▶ [The task]:
In the entries below, begin at the line that has "A képen én vagyok" and stop after the line that has "1. Протрите стену"; output those lines exactly, leaving out pictures.

====== Information provided

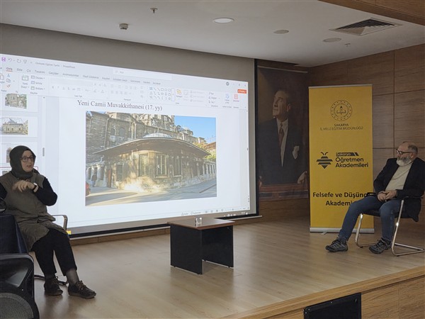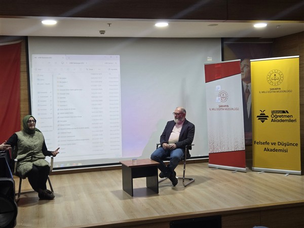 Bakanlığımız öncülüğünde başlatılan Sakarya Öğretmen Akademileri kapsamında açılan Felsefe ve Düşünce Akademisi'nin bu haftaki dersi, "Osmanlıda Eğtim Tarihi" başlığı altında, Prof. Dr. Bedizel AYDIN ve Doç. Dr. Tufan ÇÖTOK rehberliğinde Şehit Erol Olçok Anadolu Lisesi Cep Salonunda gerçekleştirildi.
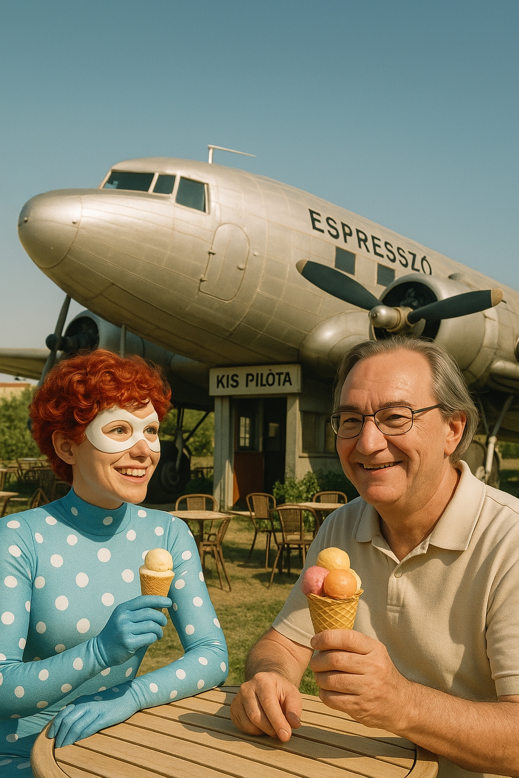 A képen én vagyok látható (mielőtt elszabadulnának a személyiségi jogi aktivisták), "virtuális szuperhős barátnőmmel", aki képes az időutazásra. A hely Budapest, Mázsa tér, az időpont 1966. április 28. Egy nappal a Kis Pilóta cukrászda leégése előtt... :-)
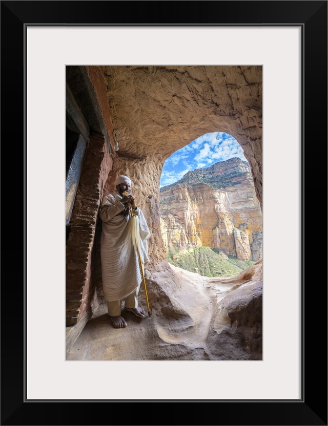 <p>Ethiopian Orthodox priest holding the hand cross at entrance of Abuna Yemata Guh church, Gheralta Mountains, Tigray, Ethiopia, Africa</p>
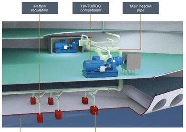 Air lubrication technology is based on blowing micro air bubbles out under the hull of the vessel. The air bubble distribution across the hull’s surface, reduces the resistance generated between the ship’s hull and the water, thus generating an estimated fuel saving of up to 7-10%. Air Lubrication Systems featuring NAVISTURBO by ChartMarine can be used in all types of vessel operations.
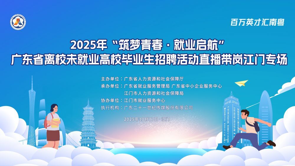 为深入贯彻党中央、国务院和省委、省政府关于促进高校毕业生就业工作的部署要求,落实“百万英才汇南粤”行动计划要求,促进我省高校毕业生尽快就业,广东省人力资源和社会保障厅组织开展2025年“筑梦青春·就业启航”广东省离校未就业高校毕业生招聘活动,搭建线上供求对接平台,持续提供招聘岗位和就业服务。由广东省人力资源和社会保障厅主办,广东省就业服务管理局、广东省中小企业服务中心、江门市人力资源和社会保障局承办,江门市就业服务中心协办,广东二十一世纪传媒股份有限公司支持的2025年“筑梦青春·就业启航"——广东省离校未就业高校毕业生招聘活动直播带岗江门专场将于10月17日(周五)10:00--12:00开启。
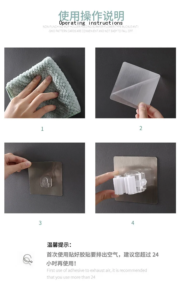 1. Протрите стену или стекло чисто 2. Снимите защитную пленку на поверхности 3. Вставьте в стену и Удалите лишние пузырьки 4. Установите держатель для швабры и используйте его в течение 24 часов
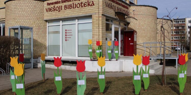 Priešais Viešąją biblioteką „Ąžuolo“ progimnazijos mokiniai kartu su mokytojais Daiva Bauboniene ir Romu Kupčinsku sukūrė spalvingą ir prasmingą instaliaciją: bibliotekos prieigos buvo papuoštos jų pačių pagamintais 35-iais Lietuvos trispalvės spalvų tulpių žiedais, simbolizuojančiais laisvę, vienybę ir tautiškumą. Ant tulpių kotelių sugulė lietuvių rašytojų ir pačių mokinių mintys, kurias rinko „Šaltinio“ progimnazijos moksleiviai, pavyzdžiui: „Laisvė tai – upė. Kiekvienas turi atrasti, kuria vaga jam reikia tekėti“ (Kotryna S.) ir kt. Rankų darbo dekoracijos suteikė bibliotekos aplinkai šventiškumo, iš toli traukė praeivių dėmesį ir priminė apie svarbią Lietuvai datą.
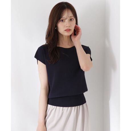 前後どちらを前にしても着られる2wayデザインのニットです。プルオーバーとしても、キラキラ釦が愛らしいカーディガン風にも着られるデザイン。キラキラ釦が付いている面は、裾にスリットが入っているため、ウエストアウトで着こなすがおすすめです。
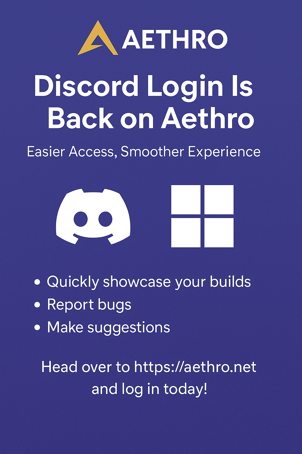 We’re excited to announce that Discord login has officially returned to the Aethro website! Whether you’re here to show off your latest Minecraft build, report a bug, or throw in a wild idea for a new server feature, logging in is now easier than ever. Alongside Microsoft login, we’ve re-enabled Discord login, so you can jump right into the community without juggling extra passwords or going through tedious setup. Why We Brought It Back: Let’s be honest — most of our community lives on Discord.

============

▶ [Solution]:
 A képen én vagyok látható (mielőtt elszabadulnának a személyiségi jogi aktivisták), "virtuális szuperhős barátnőmmel", aki képes az időutazásra. A hely Budapest, Mázsa tér, az időpont 1966. április 28. Egy nappal a Kis Pilóta cukrászda leégése előtt... :-)
 <p>Ethiopian Orthodox priest holding the hand cross at entrance of Abuna Yemata Guh church, Gheralta Mountains, Tigray, Ethiopia, Africa</p>
 Air lubrication technology is based on blowing micro air bubbles out under the hull of the vessel. The air bubble distribution across the hull’s surface, reduces the resistance generated between the ship’s hull and the water, thus generating an estimated fuel saving of up to 7-10%. Air Lubrication Systems featuring NAVISTURBO by ChartMarine can be used in all types of vessel operations.
 为深入贯彻党中央、国务院和省委、省政府关于促进高校毕业生就业工作的部署要求,落实“百万英才汇南粤”行动计划要求,促进我省高校毕业生尽快就业,广东省人力资源和社会保障厅组织开展2025年“筑梦青春·就业启航”广东省离校未就业高校毕业生招聘活动,搭建线上供求对接平台,持续提供招聘岗位和就业服务。由广东省人力资源和社会保障厅主办,广东省就业服务管理局、广东省中小企业服务中心、江门市人力资源和社会保障局承办,江门市就业服务中心协办,广东二十一世纪传媒股份有限公司支持的2025年“筑梦青春·就业启航"——广东省离校未就业高校毕业生招聘活动直播带岗江门专场将于10月17日(周五)10:00--12:00开启。
 1. Протрите стену или стекло чисто 2. Снимите защитную пленку на поверхности 3. Вставьте в стену и Удалите лишние пузырьки 4. Установите держатель для швабры и используйте его в течение 24 часов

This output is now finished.